What to do
Where an entry below contains an image, skip the image and reproduce the rest exactly.

[Dataset excerpts]
----

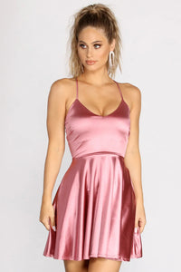 Have a twirl-worthy moment in this gorgeous and glam satin skater dress. It features a sleeveless square neckline, adjustable spaghetti straps that lead to a cross-back and lace-up back design, a fitted bodice with a high waist, and a flirty skater silhouette. Style this dress with rhinestone earrings and new heels.
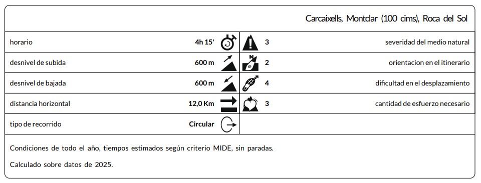 L’excursió Carcaixells, Montclar i la Roca del sol és una ruta circular de 12,0 km amb 600 m de desnivell positiu i 600 m desnivell negatiu. L’activitat té una durada de 5 – 6 hores, l’hora de finalització aproximada és a les 15:00. La durada de l’activitat inclou parades per a esmorzar, dinar, fer fotos, les explicacions i la caminada  💪.
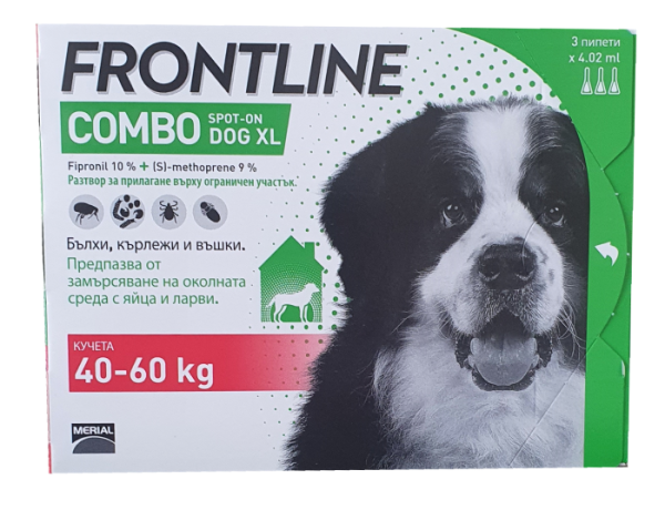 Начало Ветеринарна Аптека Противопаразитни Фронтлайн комбо 40 - 60 кг - спот он 3 бр
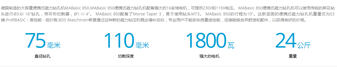 介紹:德國制造的大容量便攜式磁力鉆孔機MABasic 850.MABasic 850便攜式磁力鉆孔機配備強大的16安培電機,可提供230V和110V電壓。 MABasic 850便攜式磁力鉆孔機可以使用傳統的麻花鉆頭進行?3.6/ 16“鉆孔,帶環形切割器,?1-1/ 4”。 MABasic 850配備了Morse Taper 3,易于使用鉆頭MT3。 MABasic 850的行程為10“。這款堅固的便攜式磁力鉆孔機重量僅為53磅.ProfiBASIC:高性能 - 低價格.BDS Maschinen希望通過這種新的磁力鉆壓機概念填補空白,專業用戶不能妥協質量或性能,但誰能夠放棄舒適和配件,以獲得良好的價格。
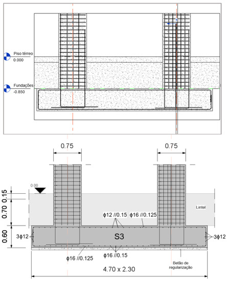 - The concrete used in the foundations is of class C25/30. The diameters of the rods were restricted to diameters with a current use in Portugal and some aspects such as the type of distribution and the mooring angles were defined. For the correct dimensioning and validation of the detailing of the reinforcements, two distinct foundations were considered, isolated and continuous (Figure 11).
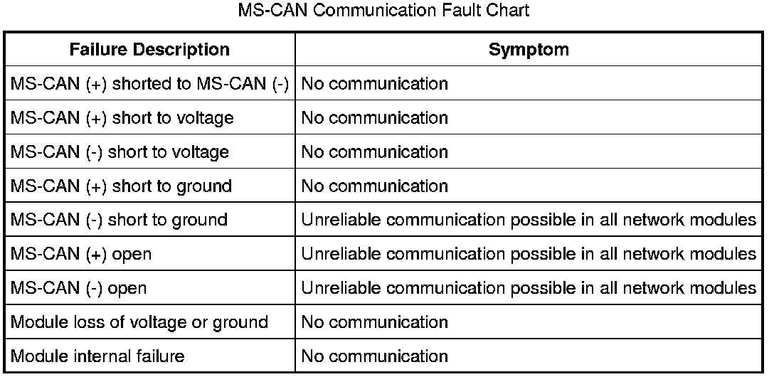 The following fault chart describes the specific MS-CAN failures and their resulting symptom:
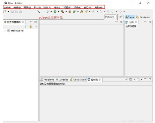 重啟eclipse,在打開eclipse,會(huì)發(fā)現(xiàn)eclipse已經(jīng)被漢化了。
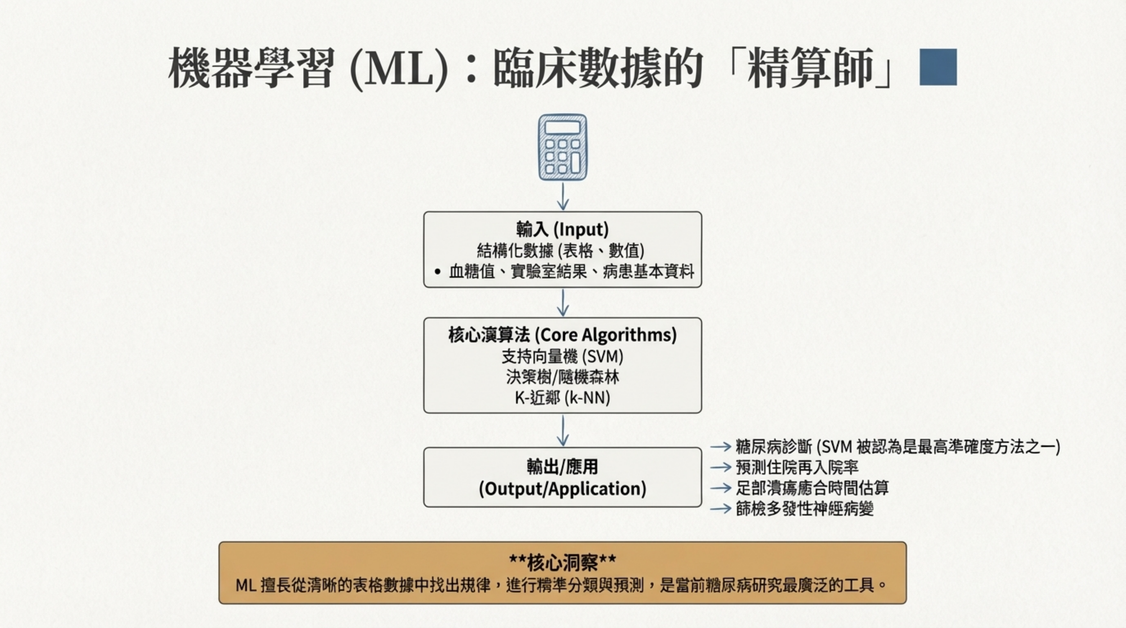 - 運作機制: 輸入結構化的表格數據(如血糖值、實驗室結果、病患基本資料),透過核心演算法(如支持向量機 SVM、隨機森林)進行運算。
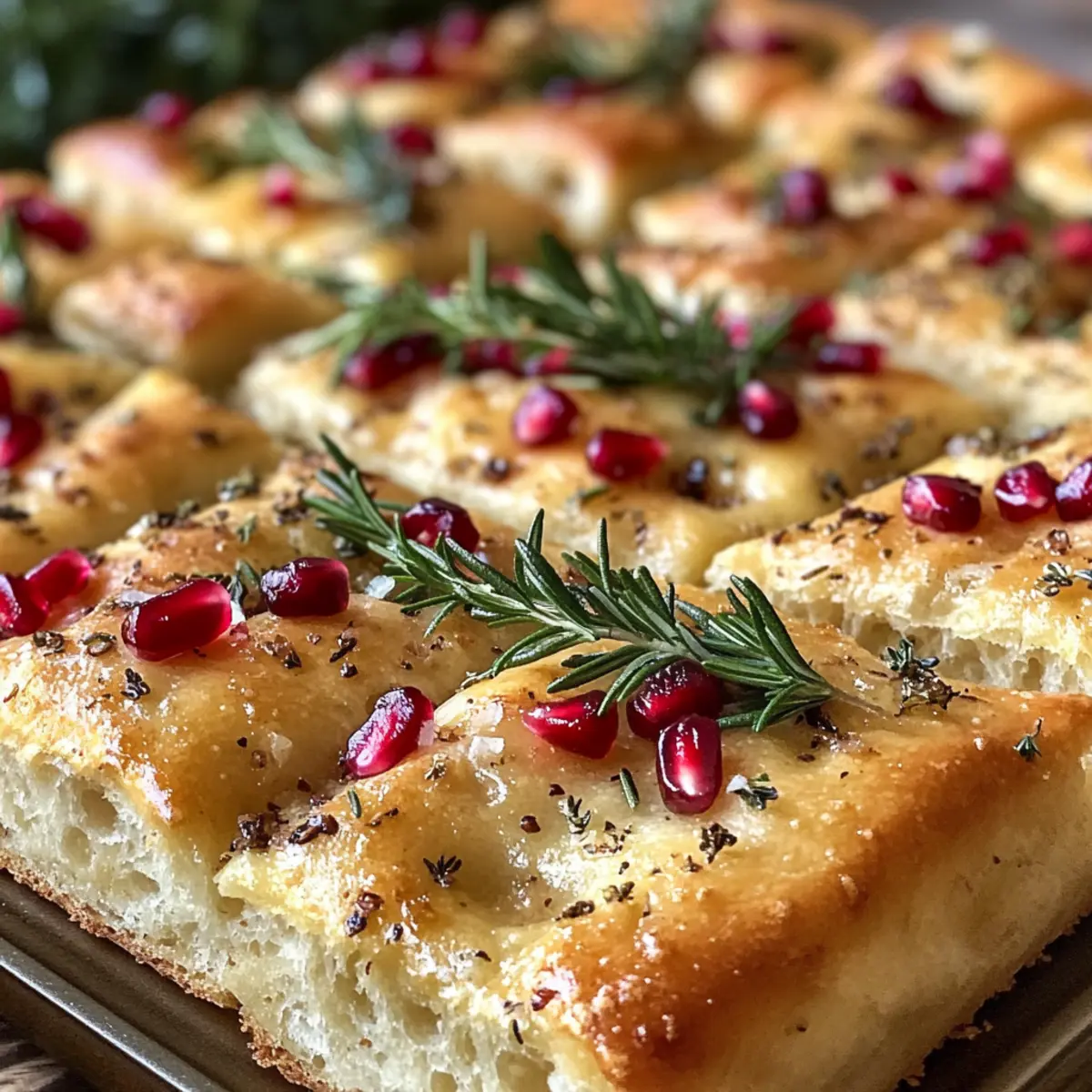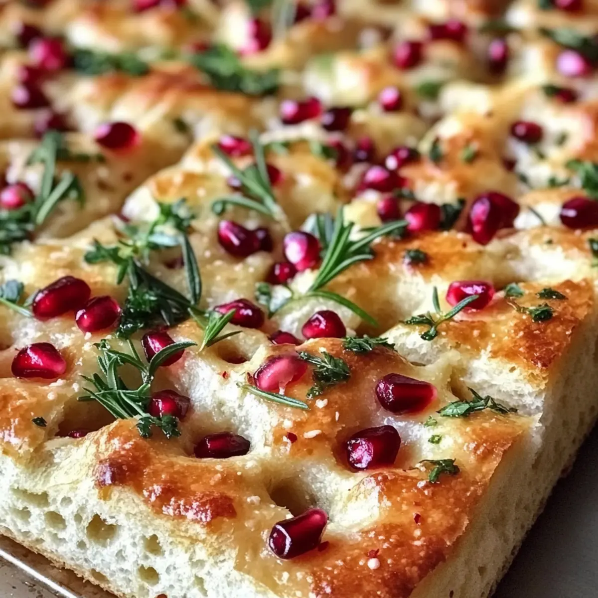 Once the dough has risen, use your fingertips to create dimples across the surface, giving it that signature focaccia look. Sprinkle a generous handful of pomegranate seeds, fresh rosemary, and finely chopped parsley on top, then drizzle with olive oil for richness. The vibrant toppings will elevate the festive spirit of your Christmas focaccia.

----

Written answer
 Have a twirl-worthy moment in this gorgeous and glam satin skater dress. It features a sleeveless square neckline, adjustable spaghetti straps that lead to a cross-back and lace-up back design, a fitted bodice with a high waist, and a flirty skater silhouette. Style this dress with rhinestone earrings and new heels.
 L’excursió Carcaixells, Montclar i la Roca del sol és una ruta circular de 12,0 km amb 600 m de desnivell positiu i 600 m desnivell negatiu. L’activitat té una durada de 5 – 6 hores, l’hora de finalització aproximada és a les 15:00. La durada de l’activitat inclou parades per a esmorzar, dinar, fer fotos, les explicacions i la caminada  💪.
 Начало Ветеринарна Аптека Противопаразитни Фронтлайн комбо 40 - 60 кг - спот он 3 бр
 介紹:德國制造的大容量便攜式磁力鉆孔機MABasic 850.MABasic 850便攜式磁力鉆孔機配備強大的16安培電機,可提供230V和110V電壓。 MABasic 850便攜式磁力鉆孔機可以使用傳統的麻花鉆頭進行?3.6/ 16“鉆孔,帶環形切割器,?1-1/ 4”。 MABasic 850配備了Morse Taper 3,易于使用鉆頭MT3。 MABasic 850的行程為10“。這款堅固的便攜式磁力鉆孔機重量僅為53磅.ProfiBASIC:高性能 - 低價格.BDS Maschinen希望通過這種新的磁力鉆壓機概念填補空白,專業用戶不能妥協質量或性能,但誰能夠放棄舒適和配件,以獲得良好的價格。
 - The concrete used in the foundations is of class C25/30. The diameters of the rods were restricted to diameters with a current use in Portugal and some aspects such as the type of distribution and the mooring angles were defined. For the correct dimensioning and validation of the detailing of the reinforcements, two distinct foundations were considered, isolated and continuous (Figure 11).
 The following fault chart describes the specific MS-CAN failures and their resulting symptom:
 重啟eclipse,在打開eclipse,會(huì)發(fā)現(xiàn)eclipse已經(jīng)被漢化了。
 - 運作機制: 輸入結構化的表格數據(如血糖值、實驗室結果、病患基本資料),透過核心演算法(如支持向量機 SVM、隨機森林)進行運算。
 Once the dough has risen, use your fingertips to create dimples across the surface, giving it that signature focaccia look. Sprinkle a generous handful of pomegranate seeds, fresh rosemary, and finely chopped parsley on top, then drizzle with olive oil for richness. The vibrant toppings will elevate the festive spirit of your Christmas focaccia.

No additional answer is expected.